An oil tanker's engine have broken down and the wind has accelerated the tanker to a speed of 1.5m/s straight toward a reef. When the tanker is 500m from the reef, the wind dies down just as the engineer gets the engines going again. The rudder is stuck, so the only choice is to try to acclerate straight backwards away from the reef. The mass of the tanker and cargo is 3.6 X10^7 kg, and the engine produce a net horizontal force of 8.0X 10^4 N on the tanker. Will the ship hit the reef? If it does will the oil be safe? The hull can withstand an impact at a speed of .2 m/s or less.
I should have gotten .17m/s what is the equations I would use to get this answer?
Assume no friction, which for a ship in water is really a fantasy.
AverageForce*distance= 1/2 masscargoboat*v^2
solve for distance.
This problem is a far cry from reality.
sorry chris, physics stinks
To solve this problem, we need to use the principle of conservation of momentum. The initial momentum of the tanker is given by its mass multiplied by its initial velocity, which is 3.6 x 10^7 kg * 1.5 m/s = 5.4 x 10^7 kg·m/s.

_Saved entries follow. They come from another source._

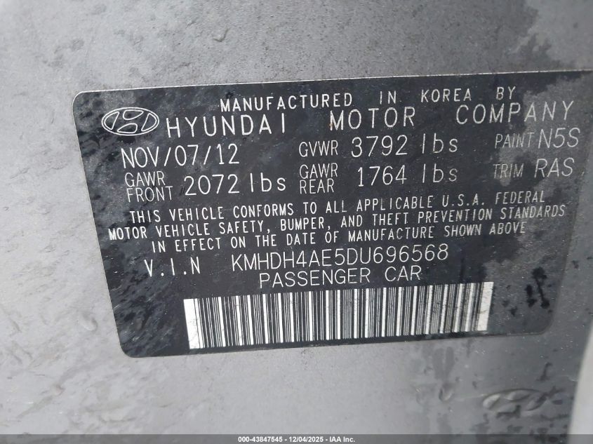 2013 HYUNDAI ELANTRA 2013 року Бензин, 1.8, Передний привод, vin - KMHDH4AE5DU696568 из США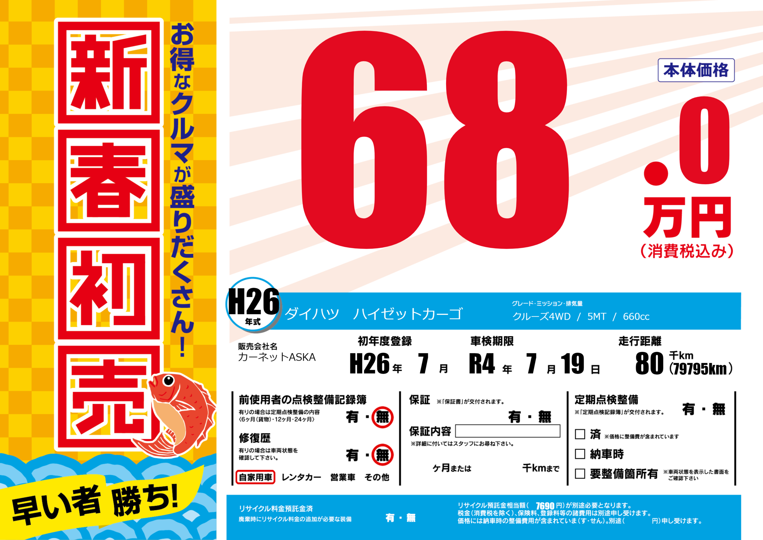 | 車名 | ダイハツ ハイゼットカーゴ | グレード ミッション 排気量 |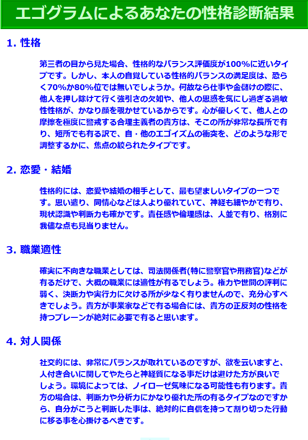 >宗教家、カウンセラー、医師、看護婦、教師など人間愛が基本となる職業以外なら、どんな職業にでも一応の性格的適性は有るでしょう。

When the wind dies down and the engine starts, the only force acting on the tanker is the horizontal force produced by the engine, which is 8.0 x 10^4 N. This force acts over a certain time period, so we need to find the change in momentum of the tanker during that time. We can use the equation F = Δp/Δt, where F is the force, Δp is the change in momentum, and Δt is the time.
Rearranging the equation, Δp = F * Δt.
Now that we have the equation for the change in momentum, we can find the time it takes for the tanker to stop. The change in momentum is equal and opposite to the initial momentum, so Δp = -5.4 x 10^7 kg·m/s.
Substituting the given values into the equation, we get -5.4 x 10^7 kg·m/s = (8.0 x 10^4 N) * Δt.
Solving for Δt, we find Δt = (-5.4 x 10^7 kg·m/s) / (8.0 x 10^4 N) = -675 s. Note that the negative sign indicates that the change in momentum is in the opposite direction to the initial momentum.
Now that we have the time it takes for the tanker to stop, we can calculate the distance it travels during that time using the equation d = v * t, where d is the distance, v is the velocity, and t is the time.
Substituting the given values into the equation, we get d = (1.5 m/s) * (-675 s) = -1012.5 m. Again, the negative sign indicates that the distance is in the opposite direction to the initial velocity.
Since the distance is negative, we can see that the tanker will not be able to stop before hitting the reef, as it only has 500 m of distance left. Therefore, the ship will hit the reef.
As for the speed of impact, since the distance traveled during the stopping time is 1012.5 m and the time is 675 s, we can calculate the speed using the equation v = d / t.
Substituting the given values into the equation, we get v = (-1012.5 m) / (675 s) = -1.50 m/s. Again, the negative sign indicates that the speed is in the opposite direction to the initial velocity.
The absolute value of the speed is 1.50 m/s, which is greater than the maximum impact speed of 0.2 m/s that the hull can withstand. Therefore, the ship will hit the reef and the oil may not be safe.